* Activity *
When the line containing "飞利浦(PHILIPS)8位组合孔2.8米 儿童保护门 插线板/插排/排插/接线板/拖线板" is found in the data below, copy it and each line after it through the line containing "Meira T 14k", exactly and with no others.

* Given data *
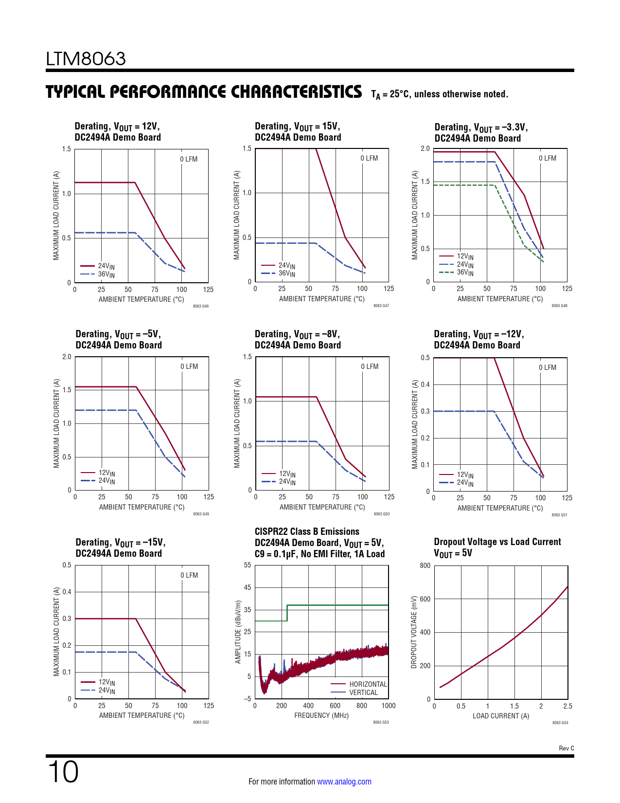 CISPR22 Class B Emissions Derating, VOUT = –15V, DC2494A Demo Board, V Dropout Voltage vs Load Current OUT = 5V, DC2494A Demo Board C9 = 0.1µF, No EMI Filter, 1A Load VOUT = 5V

--

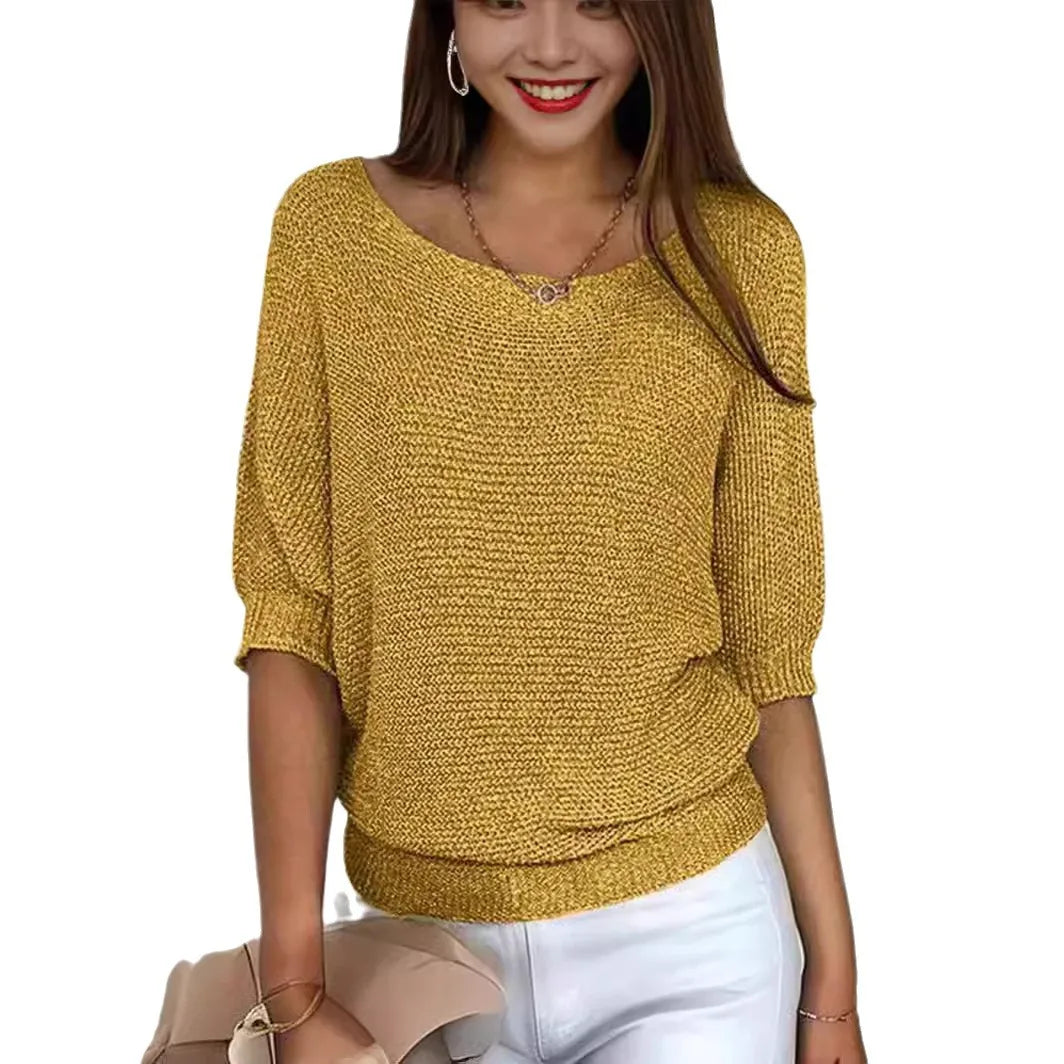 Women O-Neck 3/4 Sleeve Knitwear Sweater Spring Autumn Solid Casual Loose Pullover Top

---

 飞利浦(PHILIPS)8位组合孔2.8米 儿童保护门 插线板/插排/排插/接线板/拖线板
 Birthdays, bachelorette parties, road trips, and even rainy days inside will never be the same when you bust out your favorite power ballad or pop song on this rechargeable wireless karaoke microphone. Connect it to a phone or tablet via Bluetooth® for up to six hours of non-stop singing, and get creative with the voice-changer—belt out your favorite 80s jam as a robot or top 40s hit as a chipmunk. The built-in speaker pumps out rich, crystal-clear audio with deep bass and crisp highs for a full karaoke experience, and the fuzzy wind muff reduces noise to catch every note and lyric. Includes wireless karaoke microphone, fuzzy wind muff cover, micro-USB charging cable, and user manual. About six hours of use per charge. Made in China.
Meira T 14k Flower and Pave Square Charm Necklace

* Answer to this exercise *
 飞利浦(PHILIPS)8位组合孔2.8米 儿童保护门 插线板/插排/排插/接线板/拖线板
 Birthdays, bachelorette parties, road trips, and even rainy days inside will never be the same when you bust out your favorite power ballad or pop song on this rechargeable wireless karaoke microphone. Connect it to a phone or tablet via Bluetooth® for up to six hours of non-stop singing, and get creative with the voice-changer—belt out your favorite 80s jam as a robot or top 40s hit as a chipmunk. The built-in speaker pumps out rich, crystal-clear audio with deep bass and crisp highs for a full karaoke experience, and the fuzzy wind muff reduces noise to catch every note and lyric. Includes wireless karaoke microphone, fuzzy wind muff cover, micro-USB charging cable, and user manual. About six hours of use per charge. Made in China.
Meira T 14k Flower and Pave Square Charm Necklace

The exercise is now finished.